WORK INSTRUCTIONS:
Write out exactly the lines from the one containing "图 6 HGRNA多肽纯化结果" to the end of the material, both ends included, and nothing else. Leave pictures out.

WORKING DATA:
++++++
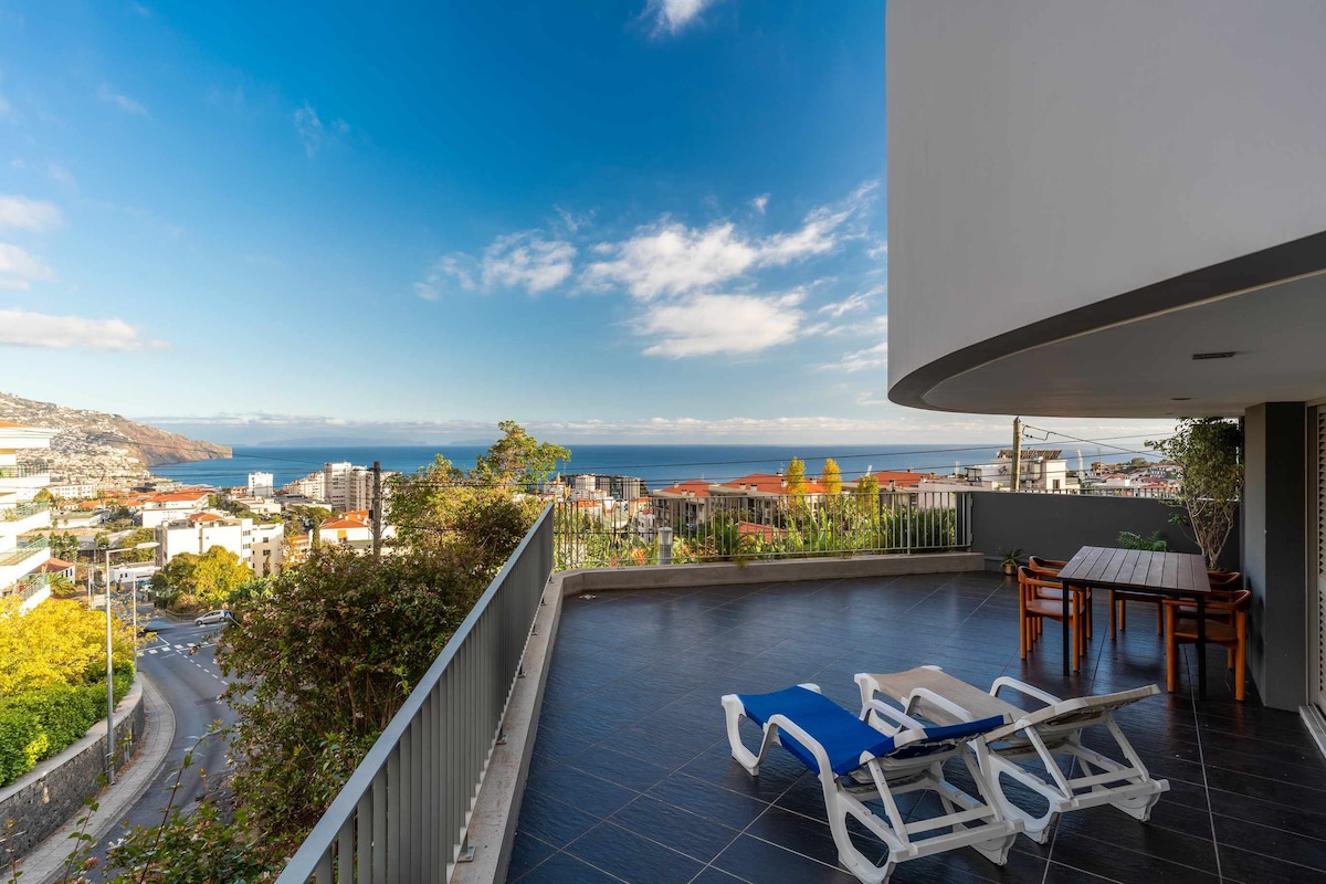 Enjoy a magical vacation overlooking the ocean just 5 minutes from downtown. Stylish and comfortable apartments have all the amenities. On the roof of the house there is a platform where you can sunbathe and enjoy the view of the center of Funchal and the ocean. In the new year from this point the best view of New Year's fireworks! The center and the beach can be reached: on foot 45 minutes, by bus (stop near the house) or taxi 5-8 minutes. There is a restaurant on the ground floor of the house.
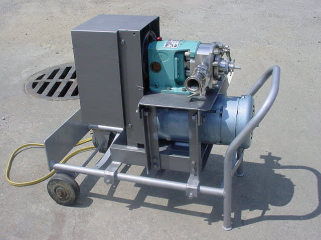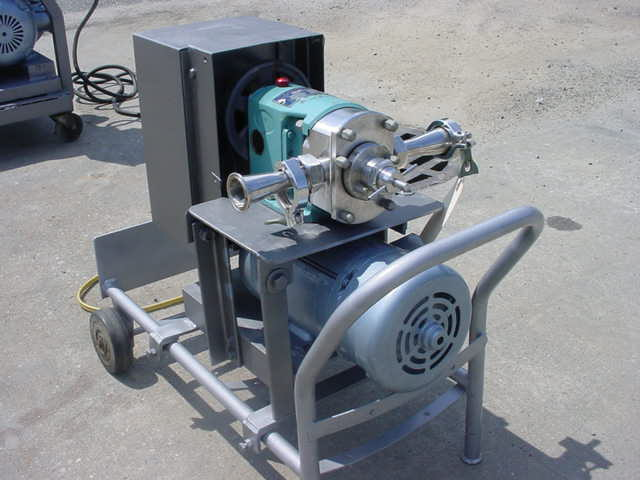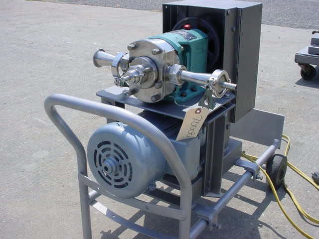 1-Used werner pump company type 316 stainless steel positive displacement pump, s/n b-72318. Equipped with approx. 1-1/4″ diameter inlet and outlet ports, pump mounted on portable stand with casters and driven by 1 hp single phase electric motor. Equipped with scr motor control for variable speed operation. (stock# 7654c)
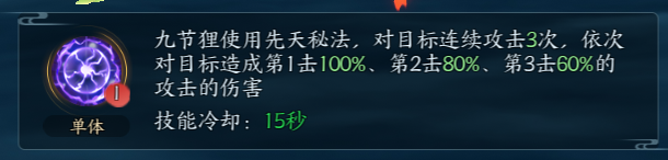 单体伤害,高频高伤,冷却短,在前期抢占竞技场与魔渊试炼的排名时,此妖灵是必不可少的抉择,中期也可作为对单体目标的次要输出点,更可以与其他妖灵进行1+1>2的配合。
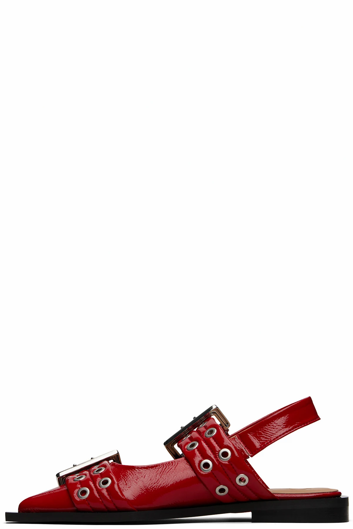 Red Feminine Buckle Ballerina Flats
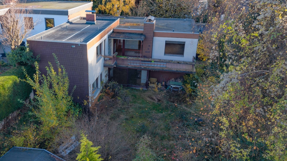 Das Wohnhaus wurde 1967 in Massivbauweise mit Flachdach errichtet und liegt in Hanglage, wodurch sich eine praktische Raumaufteilung auf zwei Ebenen ergibt, die eine flexible Nutzung der Wohnbereiche ermöglicht.
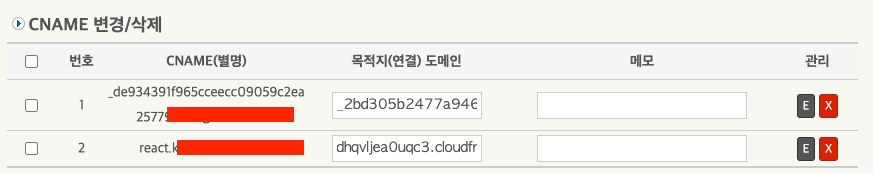 본인의 subdomain 주소와 Cloudfront.net 주소를 마찬가지로 DNSzi 에 추가해 줍니다. 아래 2번 항목처럼요.
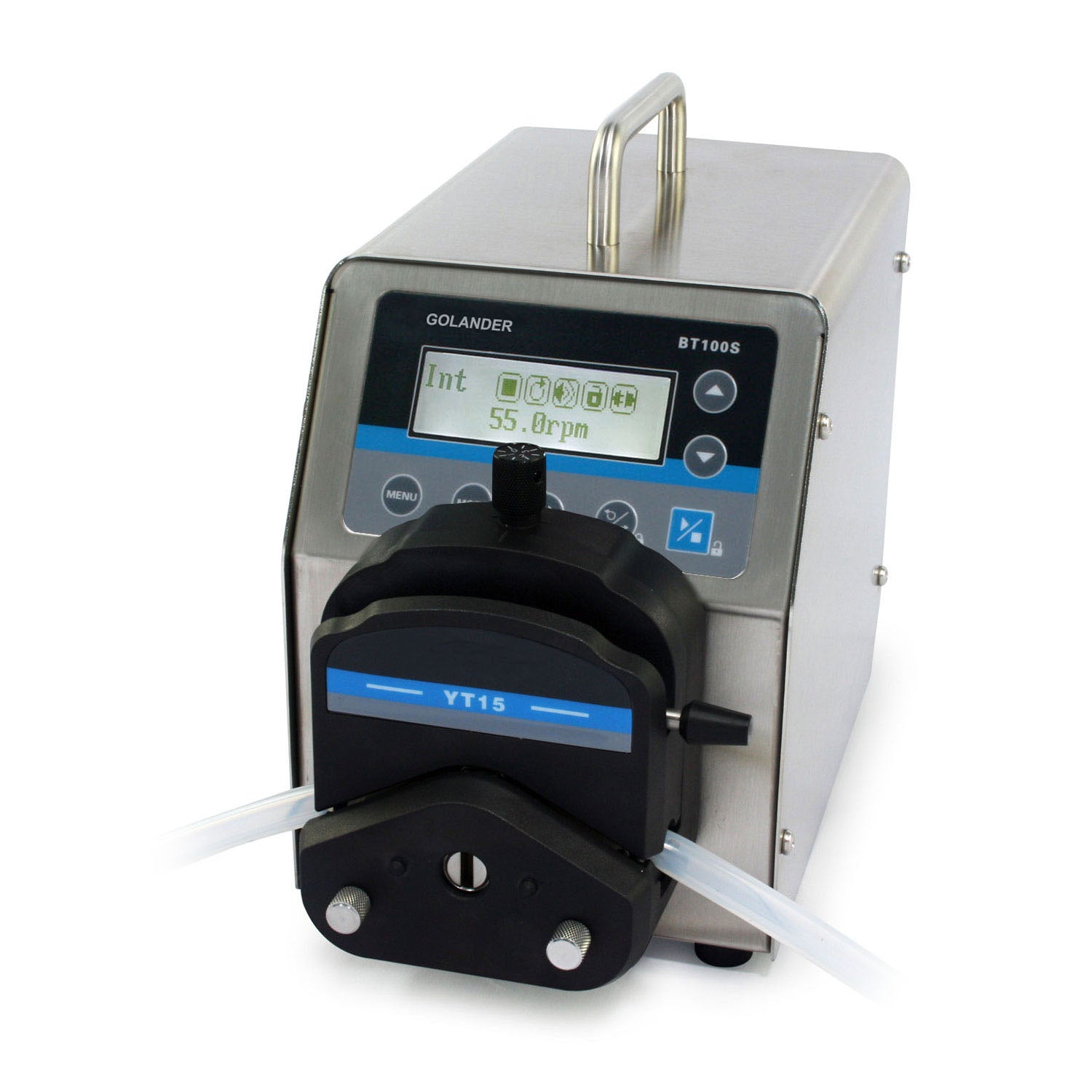 The BT100S variable-speed peristaltic pump offers a flow rate ranging from 0.0001 to 720 mL/min, depending on the drive rpm, pump head, and tubing size. In addition to reversible direction, start/stop, and adjustable speed functions, it also features a Time Dispense Mode and Anti-Drip function. The RS485 MODBUS interface enables easy communication with external devices such as PC, HMI or PLC.
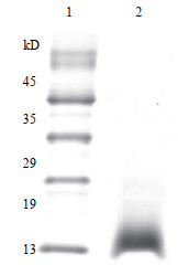 图 6 HGRNA多肽纯化结果 Fig.6 Purification results of HGRNA 1. marker lane 2. target lane |
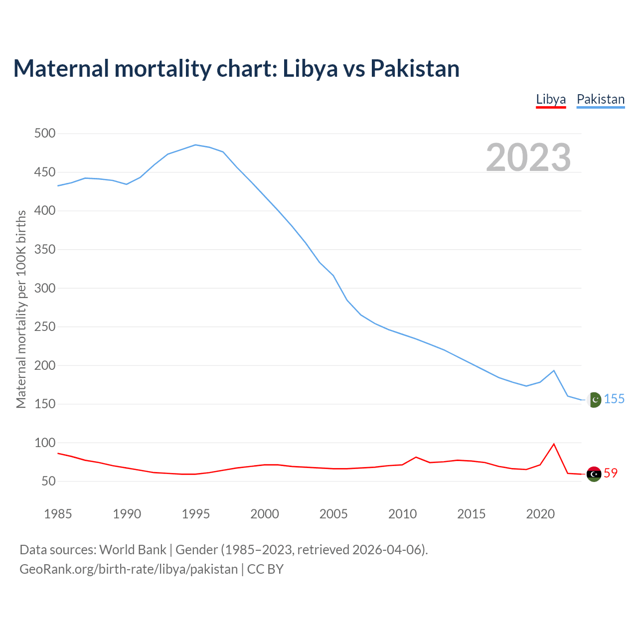 The maternal mortality rate, which is the probability of dying during childbirth or within 42 days of pregnancy termination, is 59 deaths per 100,000 live births in Libya, compared to 155 deaths in Pakistan.
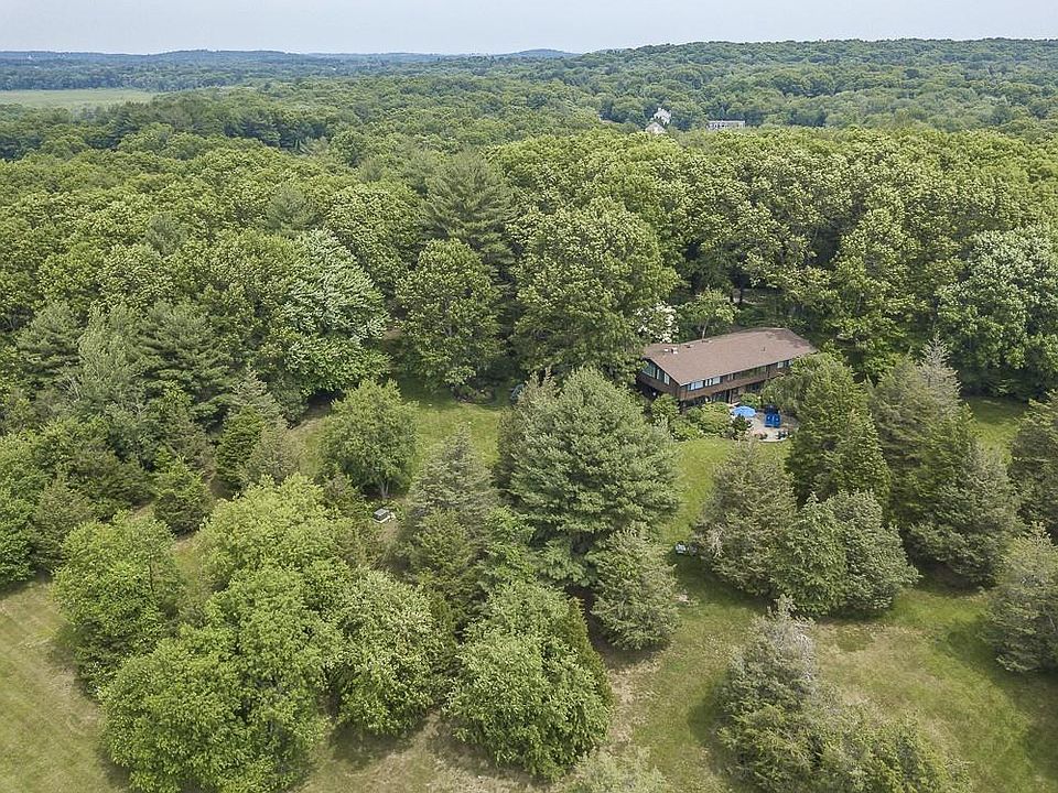 A modern design dream! Tucked amongst 6+ acres and down a private drive is this gracious, fully remodeled contemporary Deck House. Exuding modern elegance, this rare offering features a 4500+sf, open airy floor plan with 4 fireplaces, an abundance of natural light and landscape views from every room. Completely renovated by design/build firm Lee Kimball in 2019, this home features a state-of-the-art chef's kitchen with double Wolf convection ovens, six-burner Wolf gas range, and double Bosch dishwashers, plus white quartz countertops and an extraordinary handmade glass tile backsplash. This exceptional home also features beautifully remodeled bathrooms, all new flooring and stunning contemporary lighting. A soaring glass foyer opens into the mahogany-paneled dining room. The oversized, cathedral ceiling living room features a stone fireplace, wet bar with Sub Zero fridge and Bosch dishwasher, and wide glass doors that open onto an expansive deck overlooking the scenic property. 2nd floor offers a master suite with spa-like marble bath and steam shower plus 3 large bedrooms and 2 full bathrooms. The finished lower level with full bath has many options including family room, playroom or au pair/in-law suite. An inviting courtyard, bluestone patio, 3-car garage and large mudroom complement this home. Ideal for entertaining, this beautiful, completely remodeled home in an estate setting in the heart of Hamilton is not to be missed.
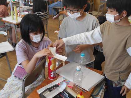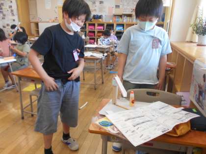 図画工作科では、立体作品をつくっています。ラップの芯や段ボール等を用いて、ビー玉が思ったように転がるように工夫をしていました。時には、友達の作品から刺激を受けたり、手伝ってもらったりするなどして、作品づくりを楽しんでいます。
++++++
EXPECTED OUTPUT:
 图 6 HGRNA多肽纯化结果 Fig.6 Purification results of HGRNA 1. marker lane 2. target lane |
 The maternal mortality rate, which is the probability of dying during childbirth or within 42 days of pregnancy termination, is 59 deaths per 100,000 live births in Libya, compared to 155 deaths in Pakistan.
 A modern design dream! Tucked amongst 6+ acres and down a private drive is this gracious, fully remodeled contemporary Deck House. Exuding modern elegance, this rare offering features a 4500+sf, open airy floor plan with 4 fireplaces, an abundance of natural light and landscape views from every room. Completely renovated by design/build firm Lee Kimball in 2019, this home features a state-of-the-art chef's kitchen with double Wolf convection ovens, six-burner Wolf gas range, and double Bosch dishwashers, plus white quartz countertops and an extraordinary handmade glass tile backsplash. This exceptional home also features beautifully remodeled bathrooms, all new flooring and stunning contemporary lighting. A soaring glass foyer opens into the mahogany-paneled dining room. The oversized, cathedral ceiling living room features a stone fireplace, wet bar with Sub Zero fridge and Bosch dishwasher, and wide glass doors that open onto an expansive deck overlooking the scenic property. 2nd floor offers a master suite with spa-like marble bath and steam shower plus 3 large bedrooms and 2 full bathrooms. The finished lower level with full bath has many options including family room, playroom or au pair/in-law suite. An inviting courtyard, bluestone patio, 3-car garage and large mudroom complement this home. Ideal for entertaining, this beautiful, completely remodeled home in an estate setting in the heart of Hamilton is not to be missed.
 図画工作科では、立体作品をつくっています。ラップの芯や段ボール等を用いて、ビー玉が思ったように転がるように工夫をしていました。時には、友達の作品から刺激を受けたり、手伝ってもらったりするなどして、作品づくりを楽しんでいます。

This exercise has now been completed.